Conflict of Interest
In management theory, it is known as the Realtor Effect. If a realtor is selling a house, they only get a small percent of the sale. Instead of fighting for incremental gains for the seller, the Realtor’s time is better spent finding other houses to sell, despite whether the extra work is in the seller’s best interest. People on the business side of an artists career are incentivized to have artist’s work with a larger record company, because their dollar per hour inputed is more attractive. The business person is required they spend less time working with an act, but still sees attractive financial returns. The business person’s time is better spent finding and signing new acts.
Platform
It’s extremely difficult to build a platform based on assets you don’t own. Surviving in a company’s supply chain is difficult, because you are ultimately beholden to the owner of the content. United Masters doesn’t own the Streaming Services’ data or distribution network.
To The Point
If someone is going to disrupt the market with a low-end disruption, it would be an industry insider like United Masters’ founder. There are two reasons here…
- Longtime industry insider is the only person familiar enough with the inefficiencies that are actually crucial to win business.
- Low-end market disruption work in a B2B environment. Industry insiders know how to speak to the decision makers on the business side of an artist’s career, which makes them more qualified to explain the value proposition to them.
Conclusion
If you read my article closely, you’ll notice I don’t take a stand on the viability of United Masters.

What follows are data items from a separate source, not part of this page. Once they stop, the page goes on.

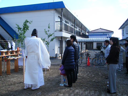 地鎮祭はご夫婦だけの場合もありますが、今日は8人+ヤマワも4人のにぎやかな地鎮祭となりました。
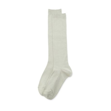 洗練されたデザインで持っていると重宝するハイソックス。フィット感と脚がすっきりと見えるように仕上げたリブ編みがこだわりのポイント。
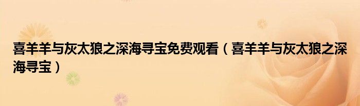 关于喜羊羊与灰太狼之深海寻宝免费观看,喜羊羊与灰太狼之深海寻宝这个很多人还不知道,今天菲菲来为大家解答以上的问题,现在让我们一起来看看吧!
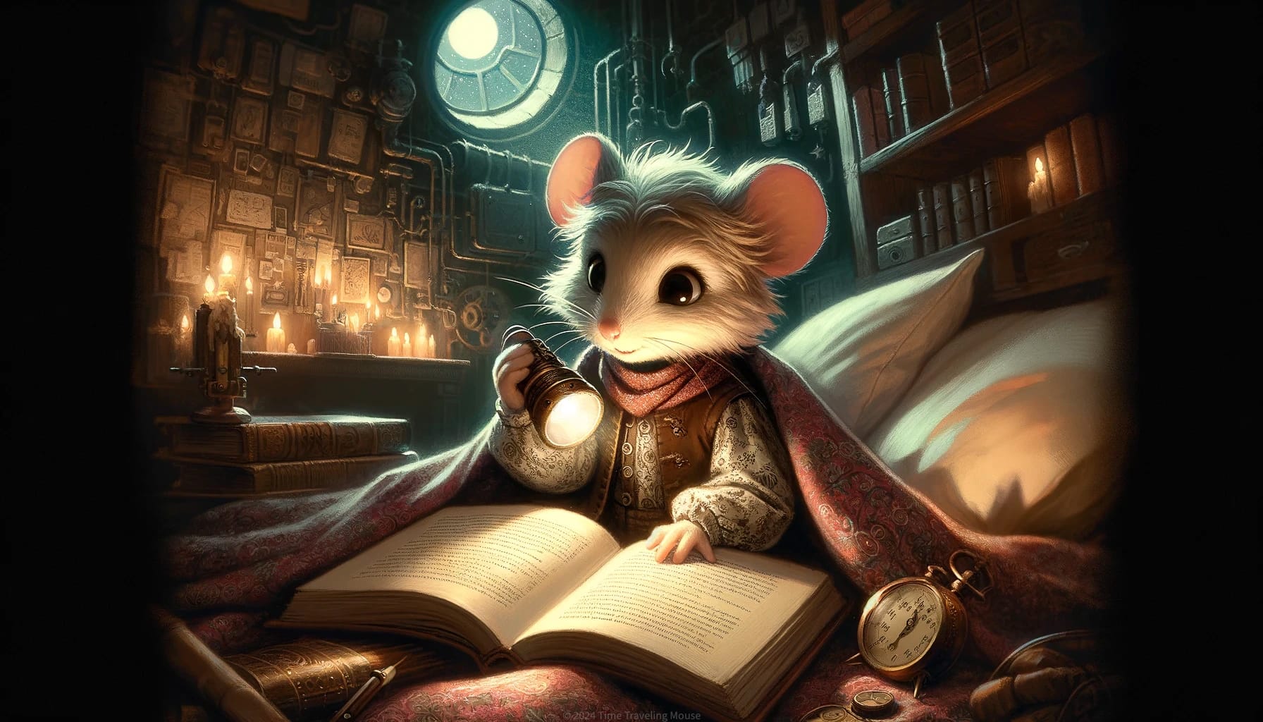 So while her brothers used their free time to play mouse games, Sophie would go off by herself to read. And when the day was done, Sophie would take a little flashlight to bed with her and continue reading under the covers. She’d keep reading far into the wee hours of the night after everyone else in the lab had fallen asleep. That’s simply what mice who have just learned to read do.

I don’t think asking the question “Do you think the company will succeed?” is the right question — I can’t tell you if the company will succeed. I can tell you how the incentives work. However, just because the incentives line up for the company does not mean they will succeed. But if a company can understand the incentives, they can make the right decisions, but that is half the battle. The ability to design and implement creative solutions to leverage these incentives is what separates success from failure.